【ウクライナ発】紙の地図と戦場取材

紙の地図を見ながら両軍の動きを押さえていく。田中の投宿先にて。

 遠藤盛章さん(2011年没)というジャーナリストがいた。サダム・フセインの治安部隊に拘束されたにもかかわらず挫けなかった猛者だった。

 2005年頃、遠藤さんと一緒にインドネシア中央政府とアチェ自治州の内戦を取材した。

 日本のODAで作られた天然ガス精製工場には、独立武装勢力を拷問する施設があった。武装勢力が出撃拠点としていたジャングルを目指す取材だった。

 遠藤さんは「ここの露店でジュースを買った」「田中龍作が立ちションした」「この川は渡し船で渡った」などと地図に一つ一つ書き込んでいく。もちろん紙の地図である。

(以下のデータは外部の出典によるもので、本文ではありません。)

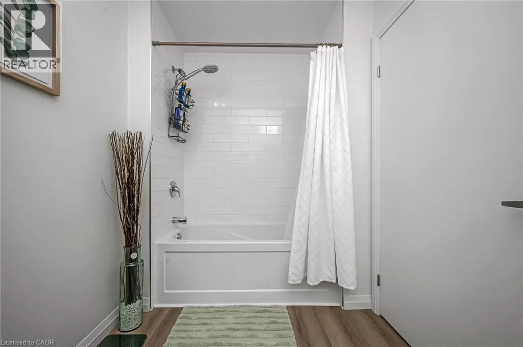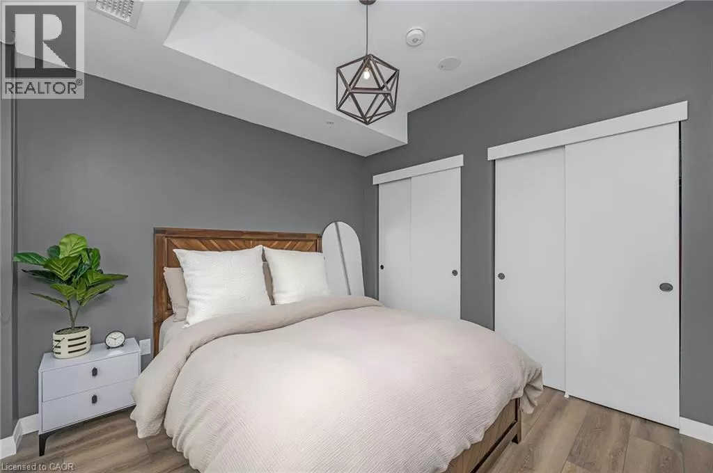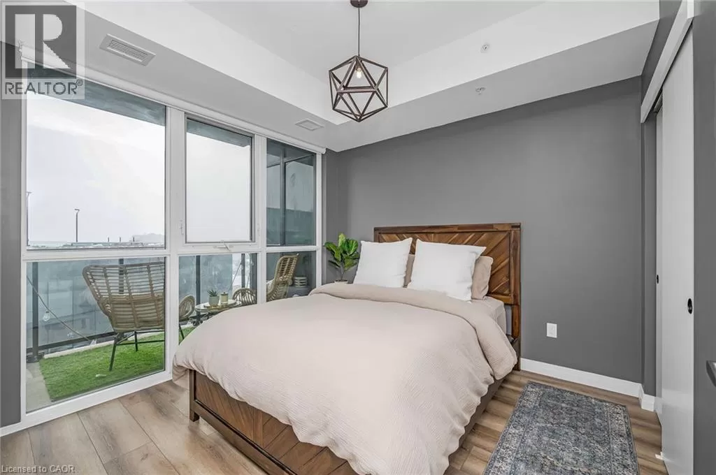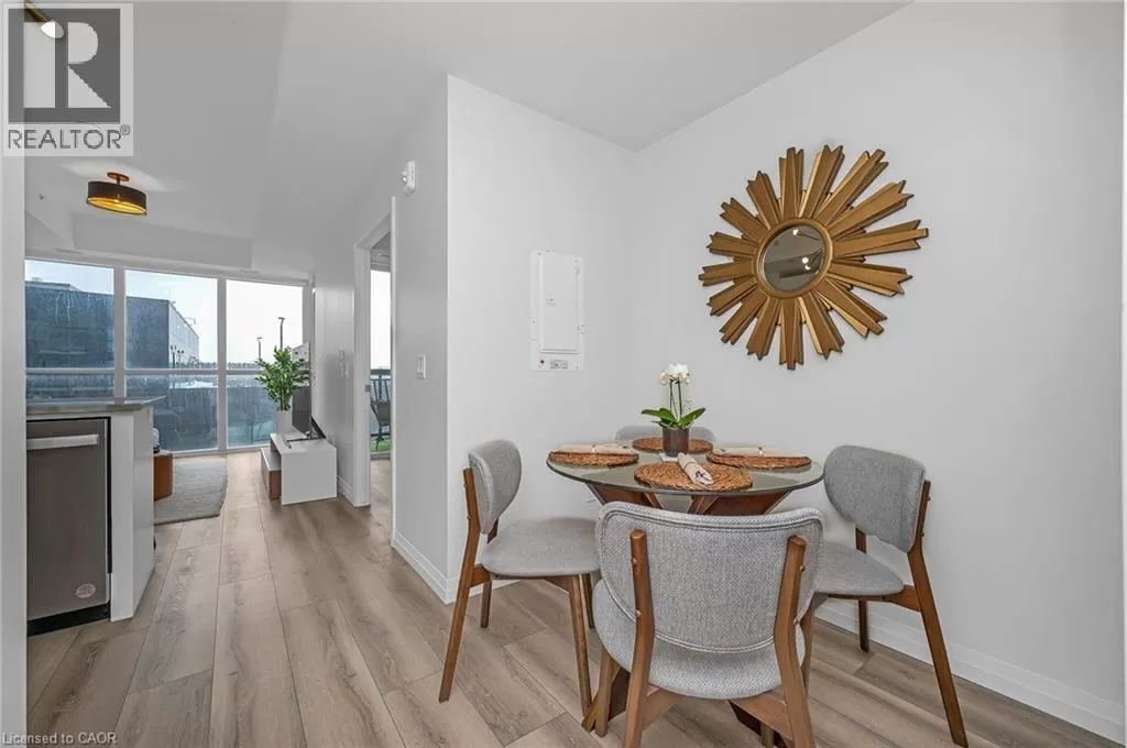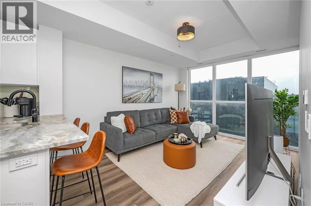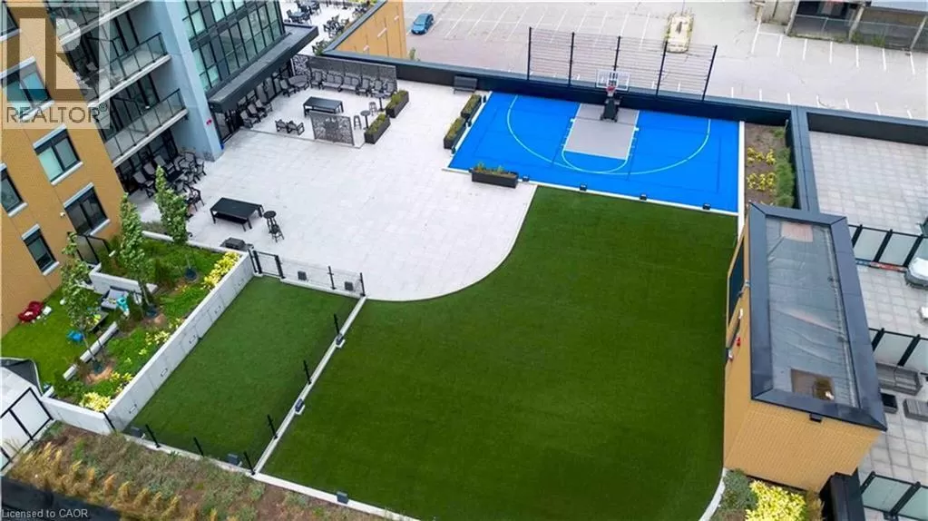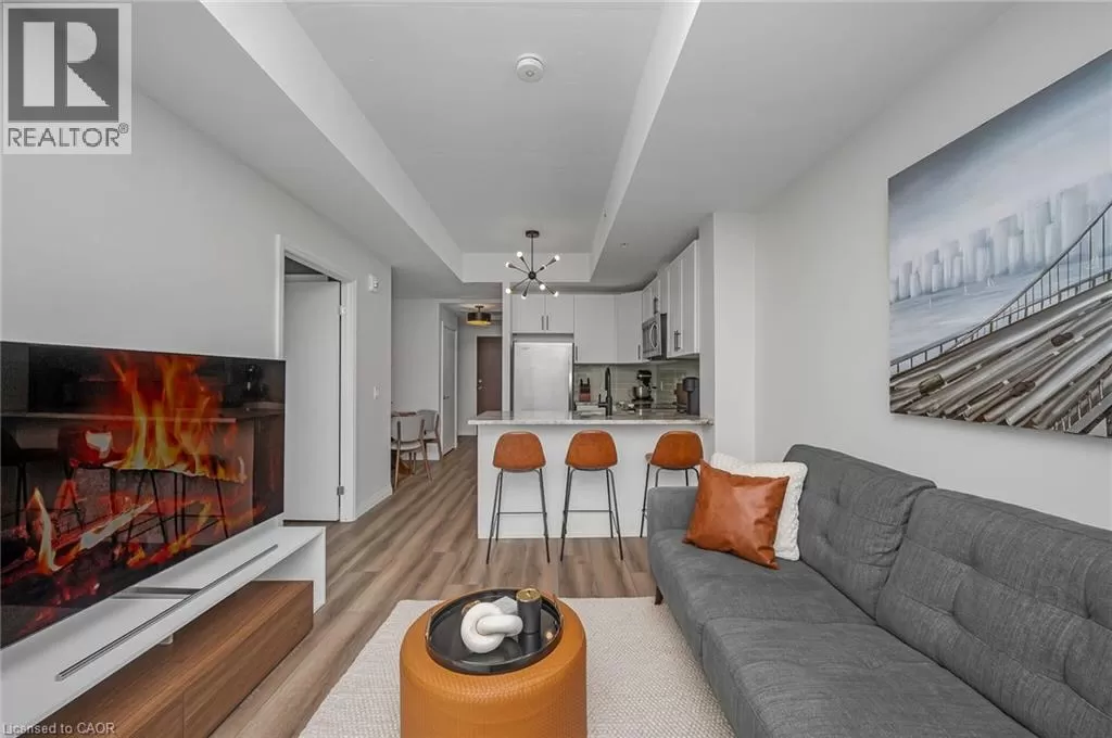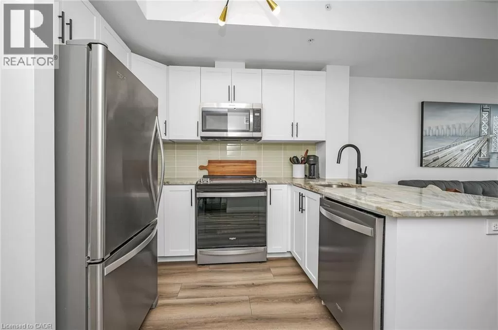 Victoria St S to Garment St Upgraded 1 Bed+ Den, 1 Bath condo with 48 sqâ balcony. This modern open concept unit features a spacious living room with motorized privacy blinds and a bedroom with blackout blinds for extra comfort. The kitchen has 36â upgraded cabinets, premium vinyl flooring, sleek granite countertops, and a stylish glass backsplash. Whirlpool stainless steel appliances, including a mounted freezer, complete the space. The extra large bathroom has a high-pressure chrome shower head for a spa-like experience. Amenities include a pet run, landscaped BBQ terrace, outdoor pool with accessible elevator and shower, fitness room, yoga area, sports court with basketball net, and an entertainment room with a catering kitchen. The condo is within walking distance to Google, Deloitte, KPMG, D2L, Communitech, McMaster School of Medicine, the University of Waterloo School of Pharmacy, Victoria Park, and downtown with its cafes, restaurants, and shops. It also offers easy access to hospitals, ION LRT, bus stops, Go Train, the Expressway, and the future transit hub (id:27476)
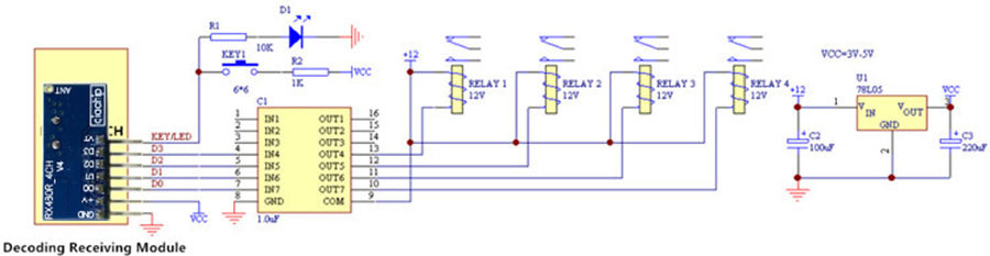 淘宝超外差无线迷你接收发射模块4路高电平输出1527遥控开关电路板433
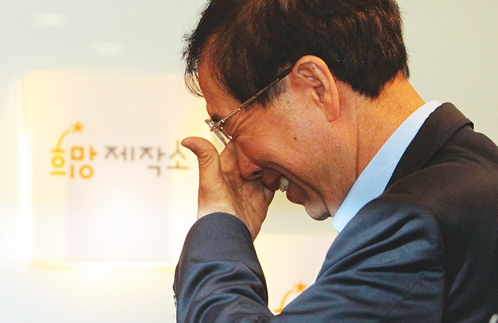 서울시장 보궐선거를 앞둔 2011년 9월15일 종로구 평창동 희망제작소에서 열린 퇴임식에서 박원순 당시 희망제작소 상임이사가 직원들이 준비한 영상을 보고 눈물 흘리고 있다. 신소영 기자 viator@hani.co.kr
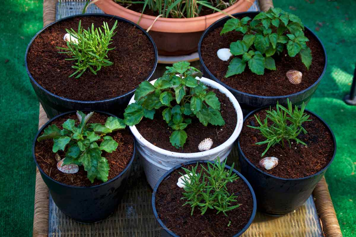 If you want a mixed container, keep plants with the same water needs together (e.g., rosemary + thyme + oregano). Save mint for its own container; it spreads aggressively.
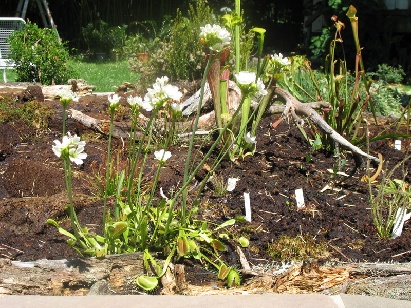 /*Dionaea muscipula*/ fängt nicht nur Insekten, sondern blüht auch! Sie ist nicht nur bei den Kindern beliebt, da sie ähnlich der bekannten Mimosen, zu einer recht schnellen Bewegung fähig sind. Dank Christian/Südpfalz konnte ich das Moorbeet gleich mit ein paar kapitalen Tuffs nicht nur dieser Pflanze bestücken.
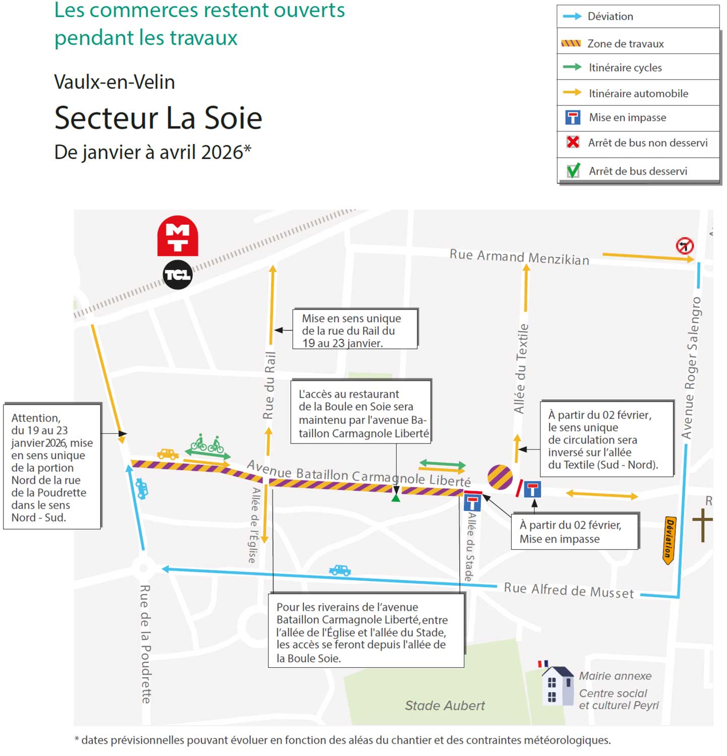 Pour plus de détails sur les travaux en cours sur la commune, vous pouvez également consulter le site internet « agence des mobilités » édité par la Métropole de Lyon : https://mobilites.grandlyon.com/travaux/carte-des-travaux
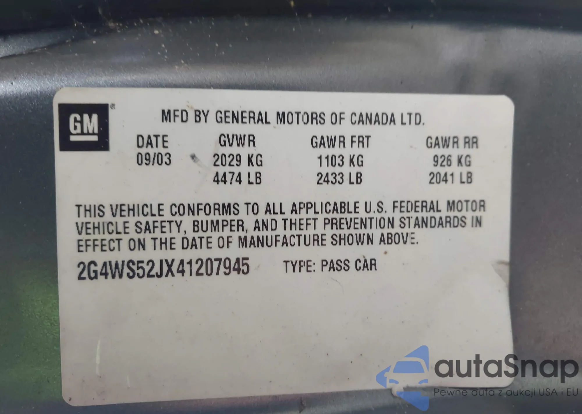 LOT: 43369112 VIN: 2G4WS52JX41207945
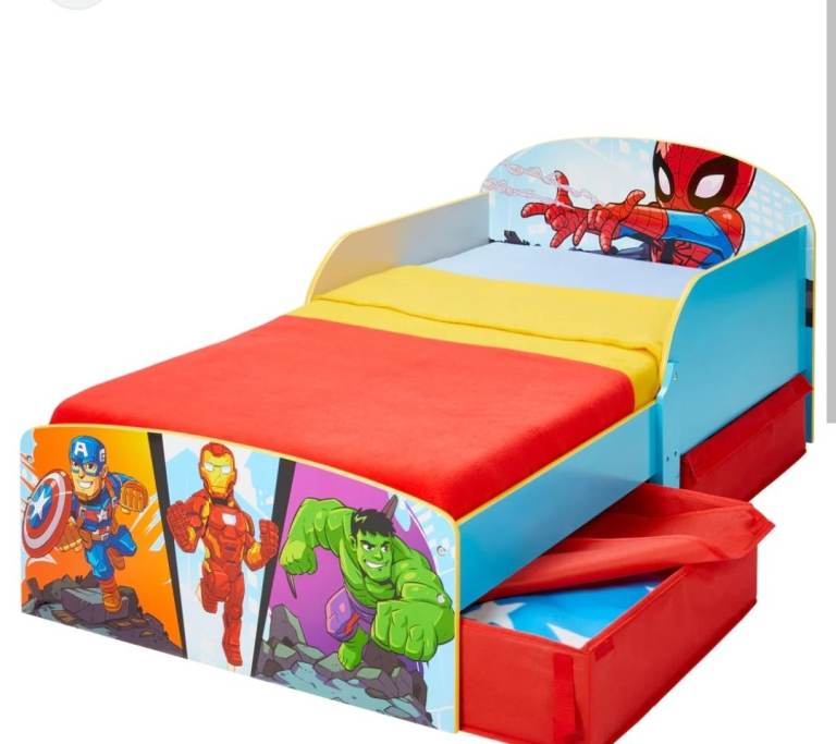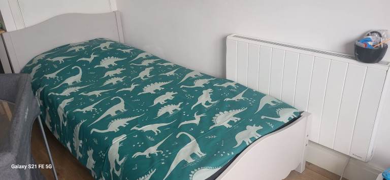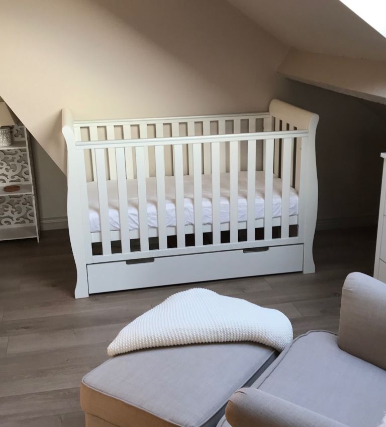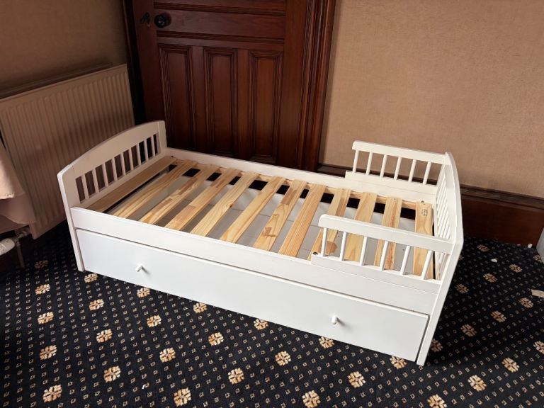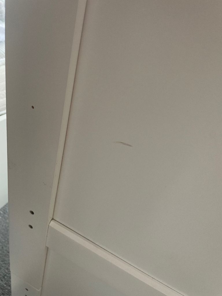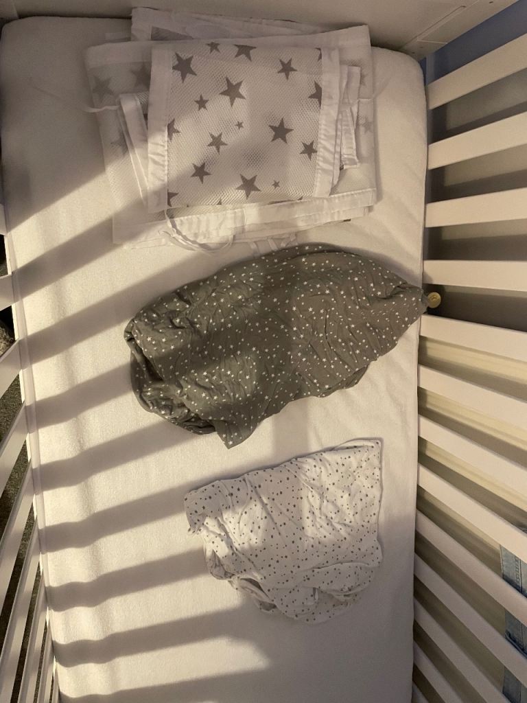 Cot turns into a toddler bed. Cot has barely been used and is like new except for a chip on the changing table and some marks as shown on the photos. It will need to be taken apart.

 田中はインドネシアの大地が自身に刻印されていくのを感じた。

包囲されて補給を絶たれたロシア軍は脱出を図ったが、そこをウクライナ軍に狙い撃ちされた。紙の地図と突き合わせると全体像がつかめて理解が深くなる。=5日、リマン 撮影:田中龍作=

 ネットの地図と紙の地図は同じ地図でも全く別の代物である。紙の地図は距離や方角を全体像の中でつかめるのだ。

 ネットのようにつまんでスライドさせたり、縮小・拡大させたりだと全体像が実感できない。

 広大なウクライナでも紙の地図を愛用している。机の上に広げながら兵隊出身者のレクチャーを受ける。

 なぜリマンがウクライナ軍に奪還されると、プーチン大統領の傀儡カディロフが低出力核の使用を進言するに至ったのか。

 両軍の動きを地図に書き込みながら追跡していくと納得がいく。

 怪しげなサイトを鵜呑みにし「ブチャの虐殺はなかった」などとするフェイクニュースを流したりしなくて済む。

  やはり紙の地図がいい。ネットにはないリアリティーがある。